_Records for the exercise_.
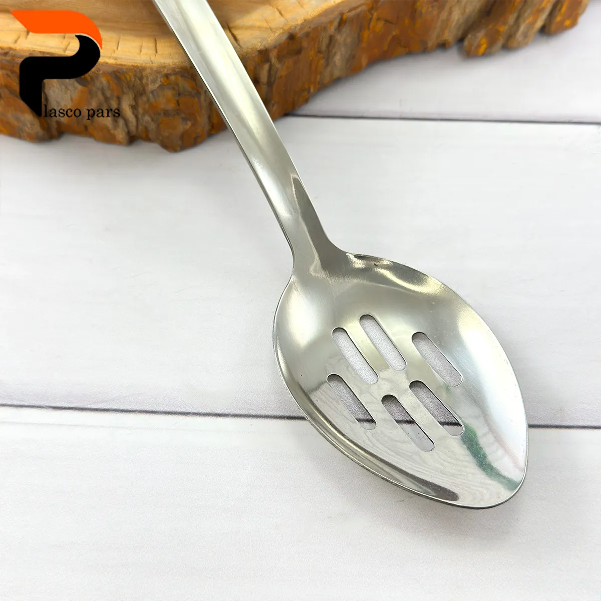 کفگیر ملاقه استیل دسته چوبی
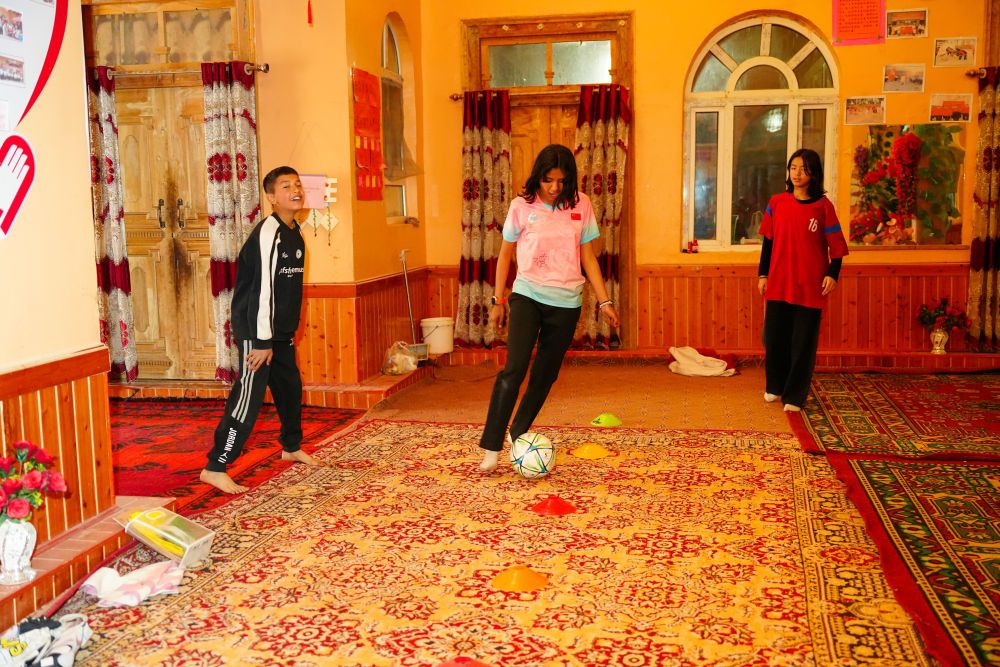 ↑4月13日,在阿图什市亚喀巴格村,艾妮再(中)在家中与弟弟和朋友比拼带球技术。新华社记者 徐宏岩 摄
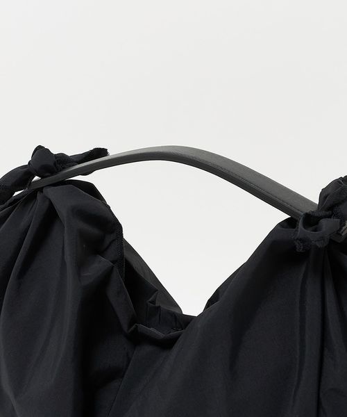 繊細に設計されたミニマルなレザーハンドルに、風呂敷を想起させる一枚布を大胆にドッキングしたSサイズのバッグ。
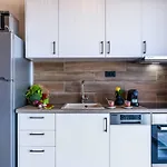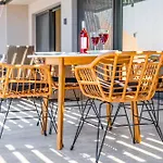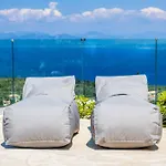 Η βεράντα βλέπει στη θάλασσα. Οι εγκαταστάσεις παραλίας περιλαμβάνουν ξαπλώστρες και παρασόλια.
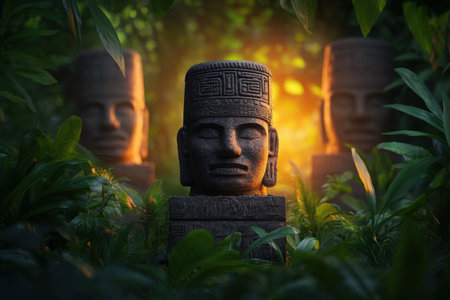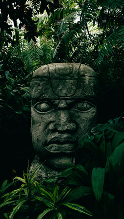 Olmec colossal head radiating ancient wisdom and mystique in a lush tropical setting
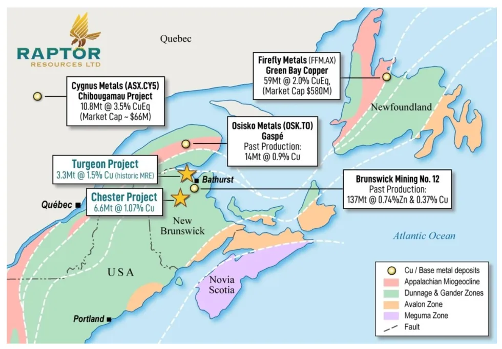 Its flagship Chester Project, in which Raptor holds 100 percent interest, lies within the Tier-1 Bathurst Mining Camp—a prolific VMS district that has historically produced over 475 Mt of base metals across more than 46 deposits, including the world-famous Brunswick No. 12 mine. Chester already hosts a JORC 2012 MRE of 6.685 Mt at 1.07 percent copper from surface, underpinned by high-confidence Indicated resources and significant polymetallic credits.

_Assignment_. Transcribe exactly and only the lines from the top of the records through the line containing "Η βεράντα βλέπει", inclusive, and do not copy the pictures.

_Expected answer_.
 کفگیر ملاقه استیل دسته چوبی
 ↑4月13日,在阿图什市亚喀巴格村,艾妮再(中)在家中与弟弟和朋友比拼带球技术。新华社记者 徐宏岩 摄
 繊細に設計されたミニマルなレザーハンドルに、風呂敷を想起させる一枚布を大胆にドッキングしたSサイズのバッグ。
 Η βεράντα βλέπει στη θάλασσα. Οι εγκαταστάσεις παραλίας περιλαμβάνουν ξαπλώστρες και παρασόλια.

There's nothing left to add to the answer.